Collected data:
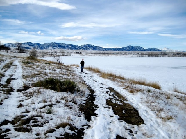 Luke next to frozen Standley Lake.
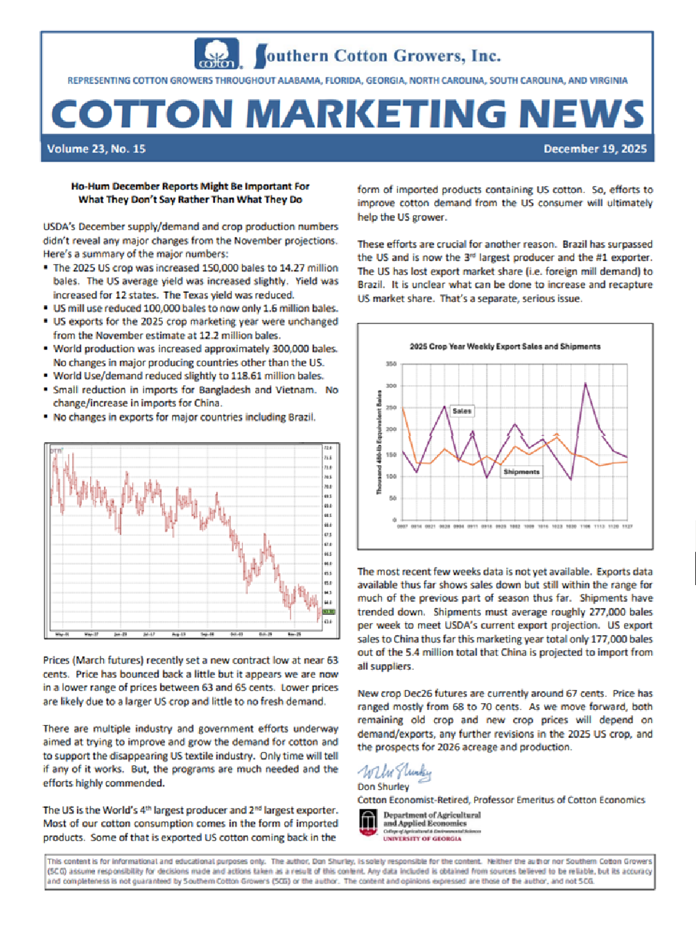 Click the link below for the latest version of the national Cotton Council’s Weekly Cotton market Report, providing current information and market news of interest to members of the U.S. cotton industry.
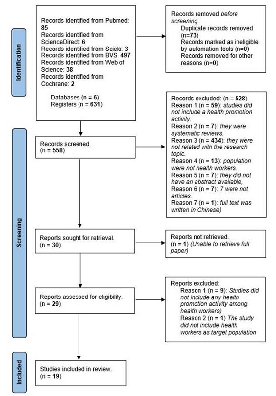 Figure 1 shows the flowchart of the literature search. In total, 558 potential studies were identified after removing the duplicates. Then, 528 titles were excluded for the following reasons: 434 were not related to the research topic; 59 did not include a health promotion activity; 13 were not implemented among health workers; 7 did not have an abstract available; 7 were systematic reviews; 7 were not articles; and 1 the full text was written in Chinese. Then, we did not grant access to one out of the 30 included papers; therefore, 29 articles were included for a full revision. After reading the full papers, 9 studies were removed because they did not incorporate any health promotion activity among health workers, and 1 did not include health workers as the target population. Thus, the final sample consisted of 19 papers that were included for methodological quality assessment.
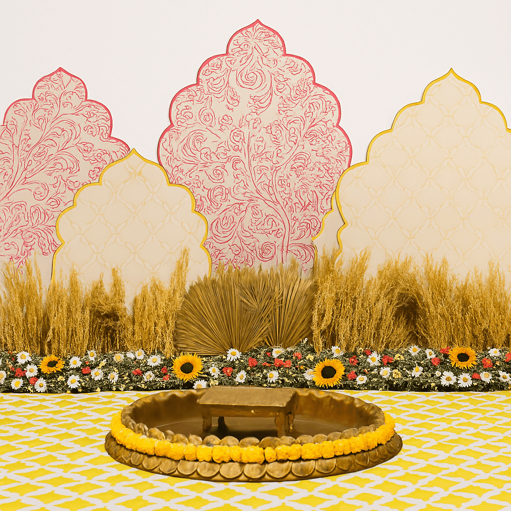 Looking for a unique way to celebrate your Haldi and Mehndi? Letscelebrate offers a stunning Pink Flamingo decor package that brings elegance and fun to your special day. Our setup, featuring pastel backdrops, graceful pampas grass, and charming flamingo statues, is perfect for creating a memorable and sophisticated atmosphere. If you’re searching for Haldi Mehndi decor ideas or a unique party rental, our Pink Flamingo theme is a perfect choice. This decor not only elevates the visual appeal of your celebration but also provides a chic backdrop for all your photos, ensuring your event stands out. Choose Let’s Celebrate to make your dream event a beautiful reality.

Work instruction:
After dropping the pictures, please set down the lines from the beginning of the listing through the line containing "Figure 1 shows", both included, exactly as they stand.

Task response:
 Luke next to frozen Standley Lake.
 Click the link below for the latest version of the national Cotton Council’s Weekly Cotton market Report, providing current information and market news of interest to members of the U.S. cotton industry.
 Figure 1 shows the flowchart of the literature search. In total, 558 potential studies were identified after removing the duplicates. Then, 528 titles were excluded for the following reasons: 434 were not related to the research topic; 59 did not include a health promotion activity; 13 were not implemented among health workers; 7 did not have an abstract available; 7 were systematic reviews; 7 were not articles; and 1 the full text was written in Chinese. Then, we did not grant access to one out of the 30 included papers; therefore, 29 articles were included for a full revision. After reading the full papers, 9 studies were removed because they did not incorporate any health promotion activity among health workers, and 1 did not include health workers as the target population. Thus, the final sample consisted of 19 papers that were included for methodological quality assessment.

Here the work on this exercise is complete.